Официанты, беспрерывно снующие между богато сервированными столиками, то и дело закрывали от сидящих за ними посетителей развернувшееся действо. Но эти кратковременные паузы лишь разжигали к нему интерес. Вытянув шеи, большинство мужчин и женщин пожирали глазами танцующую и поющую Аннику. Создающая из слаженных движений своего тела безупречно грубый эротический танец, девушка умудрялась вовремя раскрывать рот под собственную фонограмму. Длинный кожаный хлыст, похотливо извивающийся вокруг ее грамотно оголенного, затянутого в тугой корсет роскошного тела, приковывал зрительское внимание и удерживал его мертвой хваткой первобытного инстинкта. Страсть на грани похоти, эротика на краю порнографии, мастерство танца на уровне реального чувства – артистический профессионализм Анники был, так сказать, представлен в полной мере.
– Вот эту, говоришь, Шалкар консумирует? – поинтересовался у соседа по столику дородный мужчина пенсионного возраста, сальным, а точнее засаленным от частого употребления в нижепоясной сфере взглядом ощупывая танцующую совсем рядом с ним девушку.
– Вроде как эту… – вяло отозвался тот, сплевывая прямо на пол кусок непрожеванного мяса и цепляя вилкой с общего блюда большой кусок вареной конины. – Из падшей лошади варили, что ли? Подметка мягче будет.
– Ничего так цыпочка, – одобрительно изрек дородный, машинально похлопывая себя по бедру.
– А по мне без разницы, какая, лишь бы… умела, – с набитым ртом пробубнил его сотрапезник и взмахом заляпанной салфетки остановил пробегающего мимо официанта.
Тот моментально подскочил и склонился в угодливом поклоне.
– Слушаю… – глядя на жующего дядьку преданными глазами, прошептал он.
– Берем? – повернулся к дородному жующий.

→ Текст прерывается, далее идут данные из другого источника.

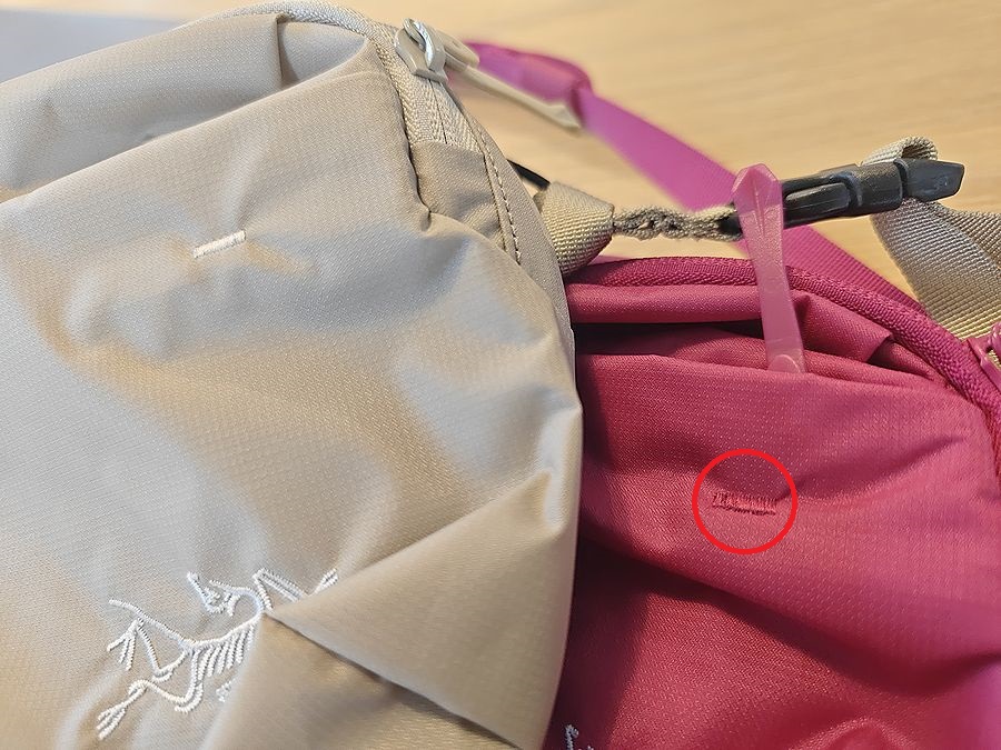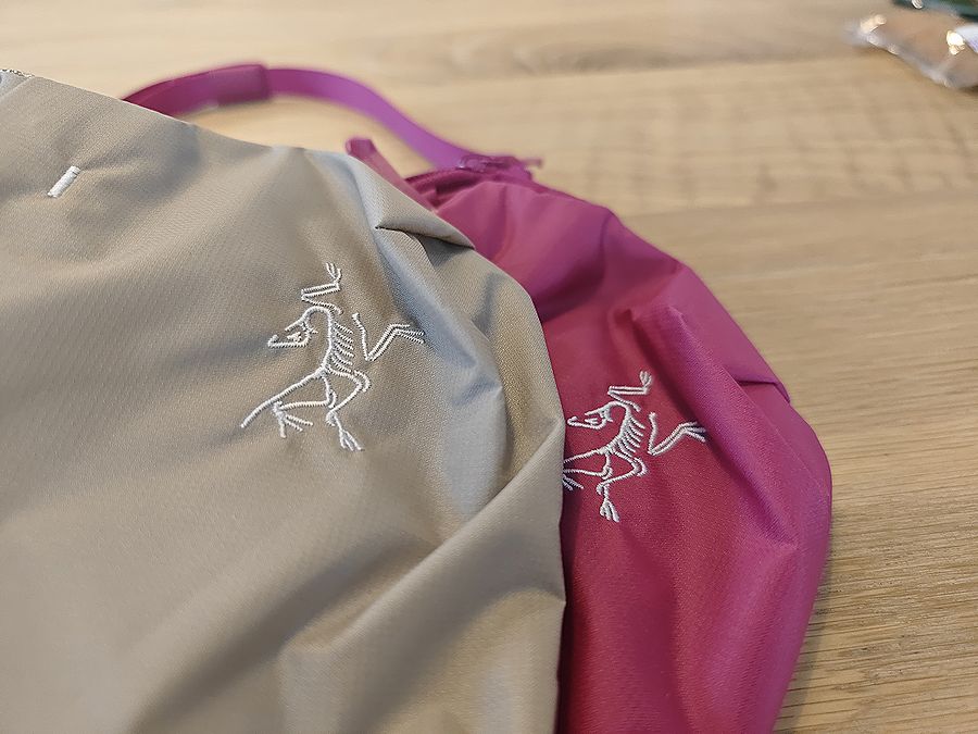 まず写真だと難しい素材の質感。ヒリアドはサラっとしたナイロン素材が使われていますが、質感がザラザラして安っぽいだとか生地が薄っぺらいだとか、見て触ってわかる範囲での違いは感じられません。アークテリクスブランドの象徴である始祖鳥マークのステッチも、細かいディテールまで含めて違いは見当たりませんね。

– Берем… – с энтузиазмом отозвался тот. – Раз уплачено, пусть отрабатывает.
– Уж отработает, не сомневайтесь, – радостно подхихикивая, закивал, потирая руки, официант.
– Ну так передай Шалкару, чтобы пришла. И не забыла подмыться, – утробно заржав над собственной шуткой, дородный сунул купюру в протянутую руку официанта. – На вот, чайку попей. Заработал.
Чувство опасности – это было у нее врожденное. Бросая короткие равнодушные взгляды на пеструю публику, Анника непроизвольно задержала внимание на сидящих около самой сцены двух упитанных до замасленности мужиков и едва не сбилась с танцевального ритма. Двое пирующих вроде бы ничем не отличались от других посетителей ресторана, но чуткое сердце слишком маленького хищника, коей, несомненно, была Анника, безошибочно чуяло опасных для него зверей.
Застрявшие в карьерном тупике, поднявшиеся чуть выше большинства своих конкурентов, они являли собой типичных представителей прислужников тех, кого принято называть хозяевами жизни. Разрывающиеся между комплексом несостоятельности во всех возможных в данном выражении смыслах и жаждой самоутверждения любой ценой, именно они превращают потребительство в смысл своей жизни. Потреблять все, что не взяли хозяева, и предаваться в процессе потребления иллюзии собственного всемогущества – вот основа и движущая сила их существования. Своя жизнь по-настоящему не имеет для них ценности, а уж чужая – тем более.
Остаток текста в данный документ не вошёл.